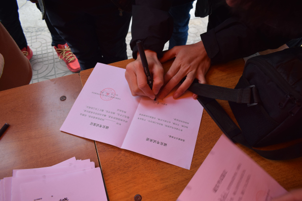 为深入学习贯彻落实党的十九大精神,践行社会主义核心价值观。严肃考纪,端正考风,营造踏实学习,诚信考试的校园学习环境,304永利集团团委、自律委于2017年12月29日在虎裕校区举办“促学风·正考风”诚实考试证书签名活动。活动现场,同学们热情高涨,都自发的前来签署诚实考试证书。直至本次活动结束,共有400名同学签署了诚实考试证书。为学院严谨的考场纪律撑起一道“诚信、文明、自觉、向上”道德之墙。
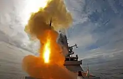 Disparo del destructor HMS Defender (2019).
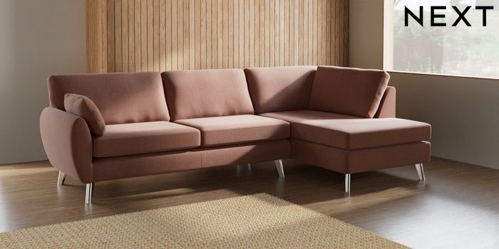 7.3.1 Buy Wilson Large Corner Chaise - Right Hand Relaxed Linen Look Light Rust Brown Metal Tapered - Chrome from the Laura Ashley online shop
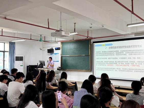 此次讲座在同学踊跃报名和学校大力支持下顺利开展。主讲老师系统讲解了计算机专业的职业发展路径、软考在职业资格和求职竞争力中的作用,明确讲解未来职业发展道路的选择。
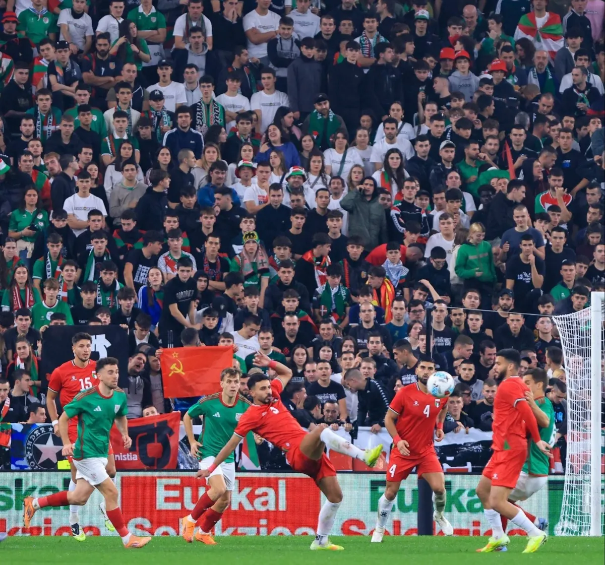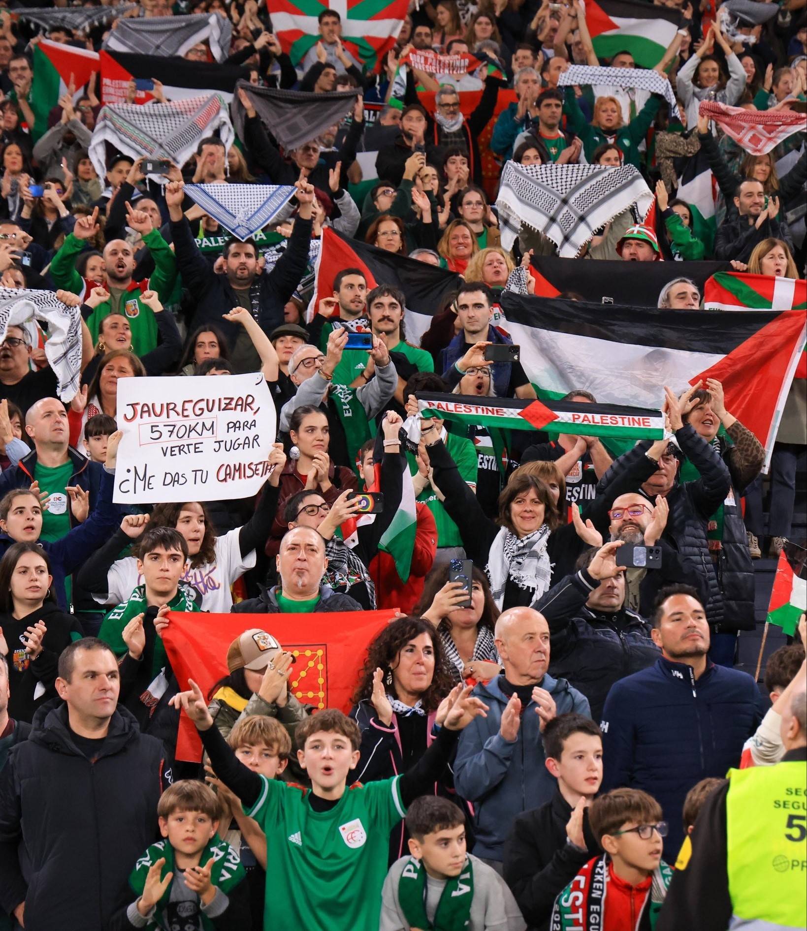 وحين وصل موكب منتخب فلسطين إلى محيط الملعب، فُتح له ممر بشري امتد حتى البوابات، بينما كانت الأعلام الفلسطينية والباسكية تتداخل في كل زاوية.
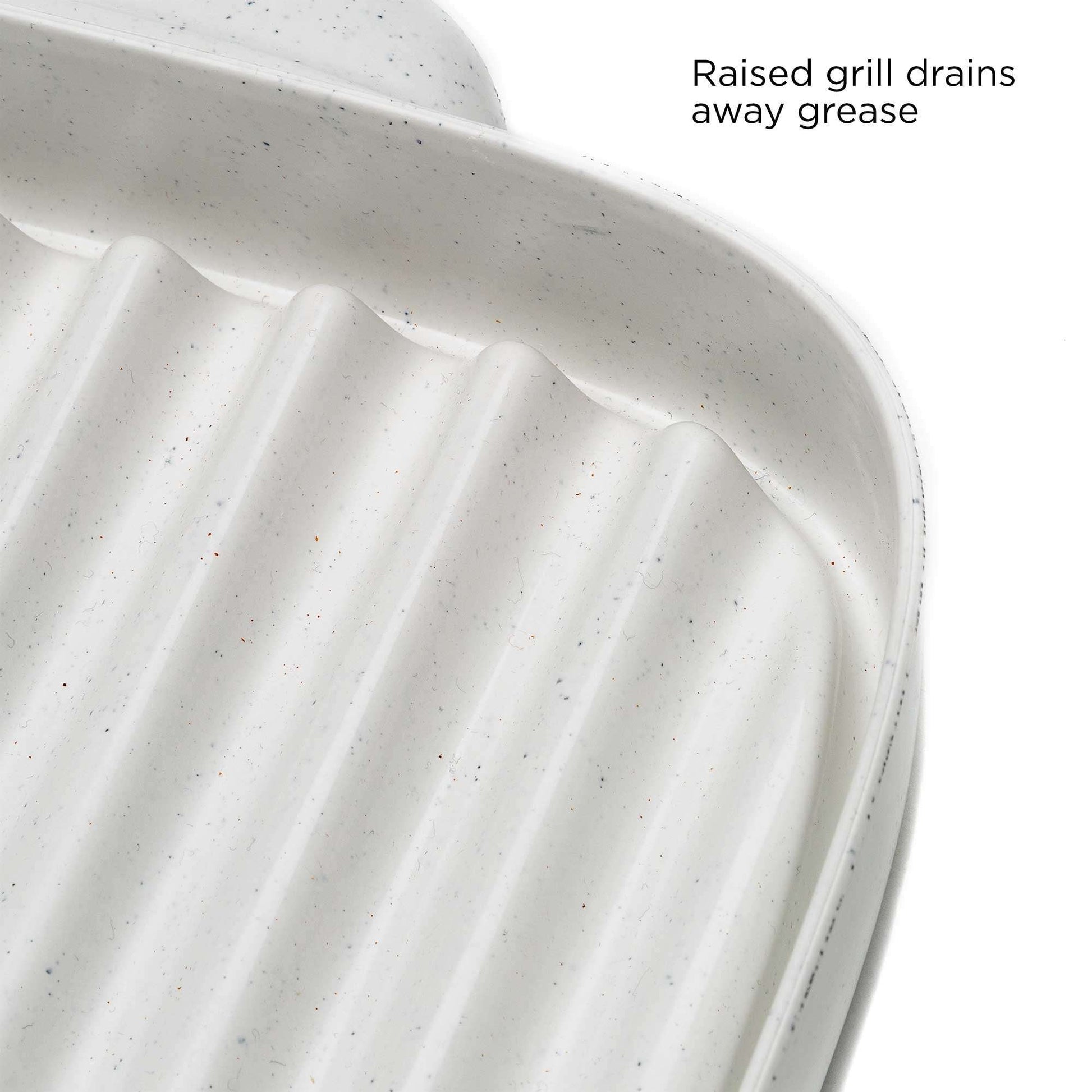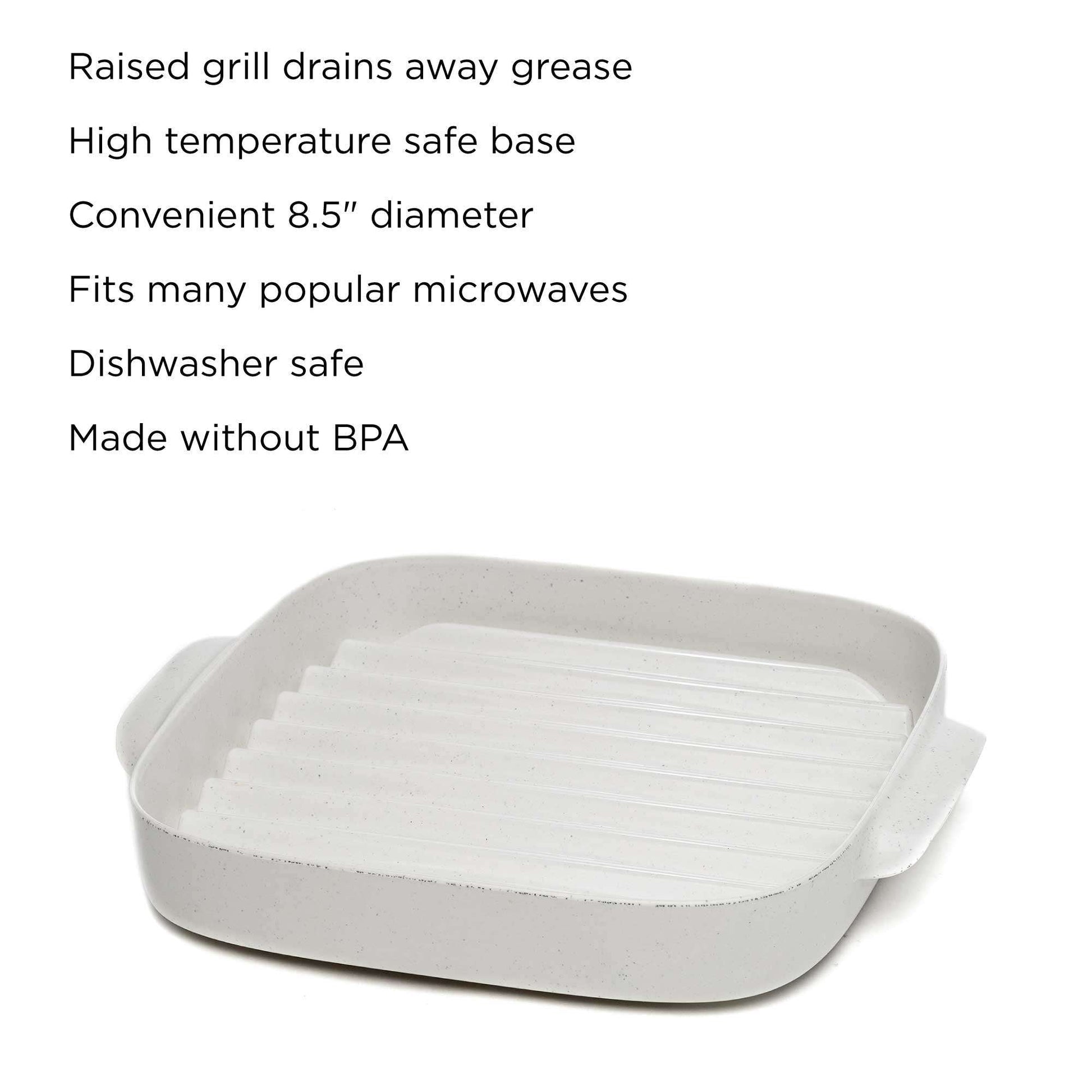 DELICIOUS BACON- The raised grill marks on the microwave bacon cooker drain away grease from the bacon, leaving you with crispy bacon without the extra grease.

--

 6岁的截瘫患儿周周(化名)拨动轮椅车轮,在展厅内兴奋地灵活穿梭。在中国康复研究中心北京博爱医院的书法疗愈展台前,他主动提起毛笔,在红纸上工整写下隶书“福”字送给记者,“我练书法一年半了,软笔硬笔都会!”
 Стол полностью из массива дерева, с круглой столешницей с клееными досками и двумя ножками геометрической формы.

--

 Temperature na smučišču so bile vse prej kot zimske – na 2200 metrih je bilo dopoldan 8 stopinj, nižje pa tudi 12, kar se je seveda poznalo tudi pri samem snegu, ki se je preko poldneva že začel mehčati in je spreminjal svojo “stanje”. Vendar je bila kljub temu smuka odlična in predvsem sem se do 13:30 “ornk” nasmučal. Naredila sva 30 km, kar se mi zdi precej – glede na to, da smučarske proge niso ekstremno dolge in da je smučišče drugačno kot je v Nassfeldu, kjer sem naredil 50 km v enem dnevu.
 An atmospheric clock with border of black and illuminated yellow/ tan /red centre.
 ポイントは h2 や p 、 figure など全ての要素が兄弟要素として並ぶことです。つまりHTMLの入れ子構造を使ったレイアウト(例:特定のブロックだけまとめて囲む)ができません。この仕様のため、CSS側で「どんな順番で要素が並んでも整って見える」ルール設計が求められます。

--

» Task details:
What you need to produce is an exact copy of the entries above, limited to the lines from the one with "为深入学习贯彻落实党的十九大" up to and including the one with "وحين وصل موكب", without pictures.

» Solved problem:
 为深入学习贯彻落实党的十九大精神,践行社会主义核心价值观。严肃考纪,端正考风,营造踏实学习,诚信考试的校园学习环境,304永利集团团委、自律委于2017年12月29日在虎裕校区举办“促学风·正考风”诚实考试证书签名活动。活动现场,同学们热情高涨,都自发的前来签署诚实考试证书。直至本次活动结束,共有400名同学签署了诚实考试证书。为学院严谨的考场纪律撑起一道“诚信、文明、自觉、向上”道德之墙。
 Disparo del destructor HMS Defender (2019).
 7.3.1 Buy Wilson Large Corner Chaise - Right Hand Relaxed Linen Look Light Rust Brown Metal Tapered - Chrome from the Laura Ashley online shop
 此次讲座在同学踊跃报名和学校大力支持下顺利开展。主讲老师系统讲解了计算机专业的职业发展路径、软考在职业资格和求职竞争力中的作用,明确讲解未来职业发展道路的选择。
 وحين وصل موكب منتخب فلسطين إلى محيط الملعب، فُتح له ممر بشري امتد حتى البوابات، بينما كانت الأعلام الفلسطينية والباسكية تتداخل في كل زاوية.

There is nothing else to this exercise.